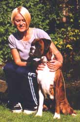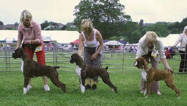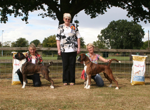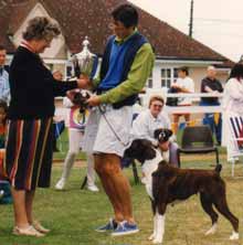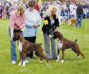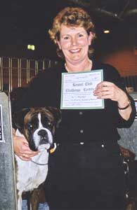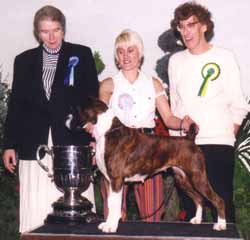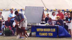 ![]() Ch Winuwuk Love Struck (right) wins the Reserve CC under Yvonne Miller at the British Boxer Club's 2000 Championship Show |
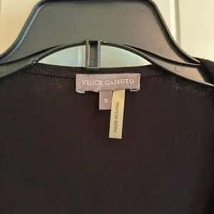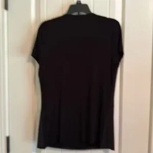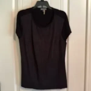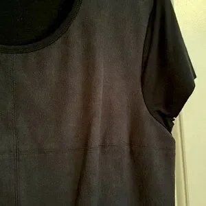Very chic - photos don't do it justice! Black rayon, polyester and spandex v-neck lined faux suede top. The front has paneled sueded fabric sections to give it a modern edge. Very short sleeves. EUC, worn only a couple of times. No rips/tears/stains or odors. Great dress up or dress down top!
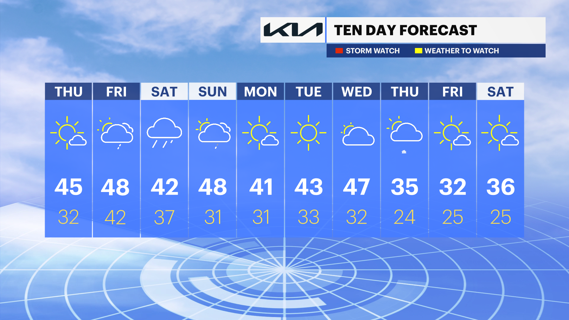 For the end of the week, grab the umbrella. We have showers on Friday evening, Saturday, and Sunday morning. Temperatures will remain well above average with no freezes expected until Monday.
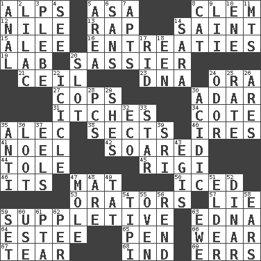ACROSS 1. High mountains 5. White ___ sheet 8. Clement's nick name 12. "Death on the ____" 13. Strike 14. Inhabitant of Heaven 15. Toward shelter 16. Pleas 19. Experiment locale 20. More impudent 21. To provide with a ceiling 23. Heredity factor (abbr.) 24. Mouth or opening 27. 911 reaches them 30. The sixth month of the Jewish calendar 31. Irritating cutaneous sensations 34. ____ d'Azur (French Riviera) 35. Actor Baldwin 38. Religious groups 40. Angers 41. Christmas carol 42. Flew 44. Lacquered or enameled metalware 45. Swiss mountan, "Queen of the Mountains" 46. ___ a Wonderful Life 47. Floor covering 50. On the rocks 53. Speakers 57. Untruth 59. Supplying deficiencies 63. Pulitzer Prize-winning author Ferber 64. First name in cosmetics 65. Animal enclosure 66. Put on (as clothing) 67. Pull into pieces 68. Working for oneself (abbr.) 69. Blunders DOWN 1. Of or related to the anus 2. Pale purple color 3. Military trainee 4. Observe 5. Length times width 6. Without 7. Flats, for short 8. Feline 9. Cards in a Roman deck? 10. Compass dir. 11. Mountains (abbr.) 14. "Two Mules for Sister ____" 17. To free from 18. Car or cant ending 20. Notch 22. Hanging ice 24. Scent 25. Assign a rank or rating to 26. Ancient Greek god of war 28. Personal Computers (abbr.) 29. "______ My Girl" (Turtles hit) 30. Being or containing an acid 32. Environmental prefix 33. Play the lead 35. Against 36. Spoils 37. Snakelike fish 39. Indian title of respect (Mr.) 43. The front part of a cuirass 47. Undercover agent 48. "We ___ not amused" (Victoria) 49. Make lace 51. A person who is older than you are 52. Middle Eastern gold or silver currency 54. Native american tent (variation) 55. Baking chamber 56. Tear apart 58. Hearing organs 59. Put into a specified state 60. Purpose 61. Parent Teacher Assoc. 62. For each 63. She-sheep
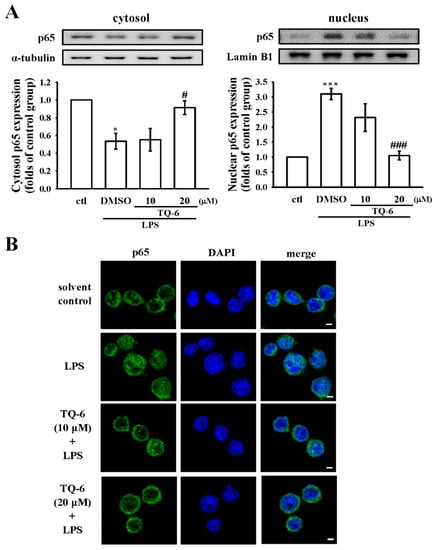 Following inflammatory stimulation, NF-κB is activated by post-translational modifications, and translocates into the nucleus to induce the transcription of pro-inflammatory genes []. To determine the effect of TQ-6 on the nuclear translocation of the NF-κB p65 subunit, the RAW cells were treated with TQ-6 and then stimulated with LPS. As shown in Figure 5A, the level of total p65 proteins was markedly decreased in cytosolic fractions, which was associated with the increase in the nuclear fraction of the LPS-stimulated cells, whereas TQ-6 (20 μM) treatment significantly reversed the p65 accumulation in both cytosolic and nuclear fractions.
********
### Work task:
Leave out the pictures; repeat the data exactly.

### Solution to this exercise:
 ![]() Ch Winuwuk Love Struck (right) wins the Reserve CC under Yvonne Miller at the British Boxer Club's 2000 Championship Show |
Very chic - photos don't do it justice! Black rayon, polyester and spandex v-neck lined faux suede top. The front has paneled sueded fabric sections to give it a modern edge. Very short sleeves. EUC, worn only a couple of times. No rips/tears/stains or odors. Great dress up or dress down top!
 For the end of the week, grab the umbrella. We have showers on Friday evening, Saturday, and Sunday morning. Temperatures will remain well above average with no freezes expected until Monday.
ACROSS 1. High mountains 5. White ___ sheet 8. Clement's nick name 12. "Death on the ____" 13. Strike 14. Inhabitant of Heaven 15. Toward shelter 16. Pleas 19. Experiment locale 20. More impudent 21. To provide with a ceiling 23. Heredity factor (abbr.) 24. Mouth or opening 27. 911 reaches them 30. The sixth month of the Jewish calendar 31. Irritating cutaneous sensations 34. ____ d'Azur (French Riviera) 35. Actor Baldwin 38. Religious groups 40. Angers 41. Christmas carol 42. Flew 44. Lacquered or enameled metalware 45. Swiss mountan, "Queen of the Mountains" 46. ___ a Wonderful Life 47. Floor covering 50. On the rocks 53. Speakers 57. Untruth 59. Supplying deficiencies 63. Pulitzer Prize-winning author Ferber 64. First name in cosmetics 65. Animal enclosure 66. Put on (as clothing) 67. Pull into pieces 68. Working for oneself (abbr.) 69. Blunders DOWN 1. Of or related to the anus 2. Pale purple color 3. Military trainee 4. Observe 5. Length times width 6. Without 7. Flats, for short 8. Feline 9. Cards in a Roman deck? 10. Compass dir. 11. Mountains (abbr.) 14. "Two Mules for Sister ____" 17. To free from 18. Car or cant ending 20. Notch 22. Hanging ice 24. Scent 25. Assign a rank or rating to 26. Ancient Greek god of war 28. Personal Computers (abbr.) 29. "______ My Girl" (Turtles hit) 30. Being or containing an acid 32. Environmental prefix 33. Play the lead 35. Against 36. Spoils 37. Snakelike fish 39. Indian title of respect (Mr.) 43. The front part of a cuirass 47. Undercover agent 48. "We ___ not amused" (Victoria) 49. Make lace 51. A person who is older than you are 52. Middle Eastern gold or silver currency 54. Native american tent (variation) 55. Baking chamber 56. Tear apart 58. Hearing organs 59. Put into a specified state 60. Purpose 61. Parent Teacher Assoc. 62. For each 63. She-sheep
 Following inflammatory stimulation, NF-κB is activated by post-translational modifications, and translocates into the nucleus to induce the transcription of pro-inflammatory genes []. To determine the effect of TQ-6 on the nuclear translocation of the NF-κB p65 subunit, the RAW cells were treated with TQ-6 and then stimulated with LPS. As shown in Figure 5A, the level of total p65 proteins was markedly decreased in cytosolic fractions, which was associated with the increase in the nuclear fraction of the LPS-stimulated cells, whereas TQ-6 (20 μM) treatment significantly reversed the p65 accumulation in both cytosolic and nuclear fractions.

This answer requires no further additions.